▸ The problem
Using the records below, copy every line that holds the string "white".

▸ Information supplied
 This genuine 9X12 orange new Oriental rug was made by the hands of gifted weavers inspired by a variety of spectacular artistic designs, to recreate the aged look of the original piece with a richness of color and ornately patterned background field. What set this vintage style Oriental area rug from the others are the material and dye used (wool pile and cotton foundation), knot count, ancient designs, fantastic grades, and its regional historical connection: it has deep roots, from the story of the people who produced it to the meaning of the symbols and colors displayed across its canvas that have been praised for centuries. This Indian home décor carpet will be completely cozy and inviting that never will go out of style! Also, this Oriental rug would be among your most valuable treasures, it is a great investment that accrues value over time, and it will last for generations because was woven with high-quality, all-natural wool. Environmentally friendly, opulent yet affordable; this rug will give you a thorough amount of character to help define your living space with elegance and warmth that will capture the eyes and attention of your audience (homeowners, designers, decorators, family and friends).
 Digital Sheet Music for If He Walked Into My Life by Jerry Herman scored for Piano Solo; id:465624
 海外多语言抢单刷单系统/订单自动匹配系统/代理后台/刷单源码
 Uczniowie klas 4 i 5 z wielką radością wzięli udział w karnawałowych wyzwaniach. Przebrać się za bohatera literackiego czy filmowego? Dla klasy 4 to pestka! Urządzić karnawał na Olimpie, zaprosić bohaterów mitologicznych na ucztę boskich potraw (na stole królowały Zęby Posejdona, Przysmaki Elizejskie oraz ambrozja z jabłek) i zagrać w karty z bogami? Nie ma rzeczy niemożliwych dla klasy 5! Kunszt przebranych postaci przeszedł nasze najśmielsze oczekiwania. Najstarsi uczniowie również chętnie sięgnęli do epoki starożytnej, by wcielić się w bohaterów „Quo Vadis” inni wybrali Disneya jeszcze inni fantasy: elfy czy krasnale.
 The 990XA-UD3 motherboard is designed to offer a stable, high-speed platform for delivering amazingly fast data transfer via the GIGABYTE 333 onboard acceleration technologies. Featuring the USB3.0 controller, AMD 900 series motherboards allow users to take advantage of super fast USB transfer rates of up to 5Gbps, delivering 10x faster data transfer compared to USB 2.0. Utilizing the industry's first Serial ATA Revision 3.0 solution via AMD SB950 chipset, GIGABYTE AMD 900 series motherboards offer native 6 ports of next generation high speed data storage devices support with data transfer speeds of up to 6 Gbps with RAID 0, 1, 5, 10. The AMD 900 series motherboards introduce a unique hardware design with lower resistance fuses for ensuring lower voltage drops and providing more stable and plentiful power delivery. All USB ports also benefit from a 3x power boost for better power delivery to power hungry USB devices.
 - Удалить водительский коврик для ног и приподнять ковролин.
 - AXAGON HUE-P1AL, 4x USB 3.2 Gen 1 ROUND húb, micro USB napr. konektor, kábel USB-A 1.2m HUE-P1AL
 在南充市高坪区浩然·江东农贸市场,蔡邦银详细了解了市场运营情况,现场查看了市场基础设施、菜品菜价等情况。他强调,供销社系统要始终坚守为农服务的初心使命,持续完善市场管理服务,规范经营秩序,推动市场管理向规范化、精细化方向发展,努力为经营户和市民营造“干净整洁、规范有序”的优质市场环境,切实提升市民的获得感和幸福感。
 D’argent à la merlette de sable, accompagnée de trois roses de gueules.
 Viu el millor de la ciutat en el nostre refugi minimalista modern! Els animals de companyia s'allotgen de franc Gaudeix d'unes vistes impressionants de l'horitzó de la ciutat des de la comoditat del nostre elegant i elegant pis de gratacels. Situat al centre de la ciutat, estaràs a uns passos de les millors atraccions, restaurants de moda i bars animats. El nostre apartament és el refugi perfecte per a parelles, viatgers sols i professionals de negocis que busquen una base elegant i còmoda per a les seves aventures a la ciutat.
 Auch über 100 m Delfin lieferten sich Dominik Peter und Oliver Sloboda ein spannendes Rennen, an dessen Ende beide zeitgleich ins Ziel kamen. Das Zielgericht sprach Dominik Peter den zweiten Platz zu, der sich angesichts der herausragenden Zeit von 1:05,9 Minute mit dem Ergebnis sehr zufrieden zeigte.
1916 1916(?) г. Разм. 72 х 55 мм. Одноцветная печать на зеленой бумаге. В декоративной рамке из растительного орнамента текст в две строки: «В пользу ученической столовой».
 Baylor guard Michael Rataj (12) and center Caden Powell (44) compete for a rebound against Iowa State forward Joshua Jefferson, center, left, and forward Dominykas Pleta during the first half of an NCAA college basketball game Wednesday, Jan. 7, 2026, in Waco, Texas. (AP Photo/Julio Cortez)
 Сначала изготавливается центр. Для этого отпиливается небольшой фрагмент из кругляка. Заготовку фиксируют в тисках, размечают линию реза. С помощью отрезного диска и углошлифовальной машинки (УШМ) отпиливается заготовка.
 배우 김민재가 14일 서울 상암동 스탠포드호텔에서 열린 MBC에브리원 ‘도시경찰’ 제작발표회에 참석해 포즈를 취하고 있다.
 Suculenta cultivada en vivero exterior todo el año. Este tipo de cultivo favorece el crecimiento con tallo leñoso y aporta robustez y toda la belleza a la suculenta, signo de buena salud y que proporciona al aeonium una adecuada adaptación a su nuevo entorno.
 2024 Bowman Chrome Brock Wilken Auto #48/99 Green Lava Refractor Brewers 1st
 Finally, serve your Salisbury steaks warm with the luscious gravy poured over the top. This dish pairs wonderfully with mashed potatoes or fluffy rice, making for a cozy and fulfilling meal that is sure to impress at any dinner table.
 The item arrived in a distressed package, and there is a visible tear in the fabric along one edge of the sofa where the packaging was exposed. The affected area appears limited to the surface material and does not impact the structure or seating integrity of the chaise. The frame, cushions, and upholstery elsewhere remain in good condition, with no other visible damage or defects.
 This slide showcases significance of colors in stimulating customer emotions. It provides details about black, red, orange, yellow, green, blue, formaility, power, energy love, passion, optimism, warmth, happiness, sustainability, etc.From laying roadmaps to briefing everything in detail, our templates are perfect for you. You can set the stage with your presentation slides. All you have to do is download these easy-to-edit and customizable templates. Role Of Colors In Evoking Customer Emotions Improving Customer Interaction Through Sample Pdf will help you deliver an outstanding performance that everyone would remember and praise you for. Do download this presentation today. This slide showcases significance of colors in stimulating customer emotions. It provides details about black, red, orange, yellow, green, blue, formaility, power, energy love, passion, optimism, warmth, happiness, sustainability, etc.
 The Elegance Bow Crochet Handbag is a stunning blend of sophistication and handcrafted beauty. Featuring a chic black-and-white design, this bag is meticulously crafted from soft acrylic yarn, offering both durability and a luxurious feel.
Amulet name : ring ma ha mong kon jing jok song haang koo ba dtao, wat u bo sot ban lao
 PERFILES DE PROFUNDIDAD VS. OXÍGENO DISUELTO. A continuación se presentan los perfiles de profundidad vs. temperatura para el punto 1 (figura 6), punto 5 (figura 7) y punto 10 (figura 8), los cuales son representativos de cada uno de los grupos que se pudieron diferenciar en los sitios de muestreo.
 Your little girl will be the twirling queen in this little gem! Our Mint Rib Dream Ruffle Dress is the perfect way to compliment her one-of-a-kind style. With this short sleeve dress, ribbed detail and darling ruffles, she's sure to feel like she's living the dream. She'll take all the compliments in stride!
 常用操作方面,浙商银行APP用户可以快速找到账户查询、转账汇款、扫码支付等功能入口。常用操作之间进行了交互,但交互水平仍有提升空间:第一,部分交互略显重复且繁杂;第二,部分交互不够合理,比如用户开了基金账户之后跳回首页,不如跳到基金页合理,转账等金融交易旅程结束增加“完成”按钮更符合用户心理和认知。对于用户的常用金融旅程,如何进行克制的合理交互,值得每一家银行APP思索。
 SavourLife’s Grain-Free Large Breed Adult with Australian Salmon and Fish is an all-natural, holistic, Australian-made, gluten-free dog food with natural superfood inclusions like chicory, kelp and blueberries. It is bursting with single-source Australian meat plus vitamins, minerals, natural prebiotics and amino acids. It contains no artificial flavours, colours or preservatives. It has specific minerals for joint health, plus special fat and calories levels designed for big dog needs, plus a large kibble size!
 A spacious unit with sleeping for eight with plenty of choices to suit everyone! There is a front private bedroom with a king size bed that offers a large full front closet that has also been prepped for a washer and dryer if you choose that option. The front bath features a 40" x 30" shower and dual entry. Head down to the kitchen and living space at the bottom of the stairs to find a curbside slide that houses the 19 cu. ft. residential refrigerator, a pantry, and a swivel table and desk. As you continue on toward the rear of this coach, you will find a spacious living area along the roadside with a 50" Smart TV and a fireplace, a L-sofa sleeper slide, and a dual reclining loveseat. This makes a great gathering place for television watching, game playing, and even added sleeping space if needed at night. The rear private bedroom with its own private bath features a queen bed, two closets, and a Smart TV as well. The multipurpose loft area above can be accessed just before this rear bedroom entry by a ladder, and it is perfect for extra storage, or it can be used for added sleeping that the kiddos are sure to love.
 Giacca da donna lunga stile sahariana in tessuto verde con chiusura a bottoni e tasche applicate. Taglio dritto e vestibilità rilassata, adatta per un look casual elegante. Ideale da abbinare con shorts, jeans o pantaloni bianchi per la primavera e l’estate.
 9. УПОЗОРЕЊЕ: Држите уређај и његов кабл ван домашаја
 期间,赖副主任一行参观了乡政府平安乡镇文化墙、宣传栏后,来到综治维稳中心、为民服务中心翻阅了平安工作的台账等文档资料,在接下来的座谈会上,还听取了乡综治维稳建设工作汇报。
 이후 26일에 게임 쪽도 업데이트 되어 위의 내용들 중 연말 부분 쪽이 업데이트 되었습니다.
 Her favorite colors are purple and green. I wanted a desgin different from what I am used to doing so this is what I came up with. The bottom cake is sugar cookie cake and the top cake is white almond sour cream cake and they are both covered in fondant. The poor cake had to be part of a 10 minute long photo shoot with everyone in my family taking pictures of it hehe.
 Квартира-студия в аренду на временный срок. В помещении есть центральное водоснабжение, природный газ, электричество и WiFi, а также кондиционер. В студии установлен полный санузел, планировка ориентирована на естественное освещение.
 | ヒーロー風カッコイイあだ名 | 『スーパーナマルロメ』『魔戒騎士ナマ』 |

▸ Task result
 The Elegance Bow Crochet Handbag is a stunning blend of sophistication and handcrafted beauty. Featuring a chic black-and-white design, this bag is meticulously crafted from soft acrylic yarn, offering both durability and a luxurious feel.
 Her favorite colors are purple and green. I wanted a desgin different from what I am used to doing so this is what I came up with. The bottom cake is sugar cookie cake and the top cake is white almond sour cream cake and they are both covered in fondant. The poor cake had to be part of a 10 minute long photo shoot with everyone in my family taking pictures of it hehe.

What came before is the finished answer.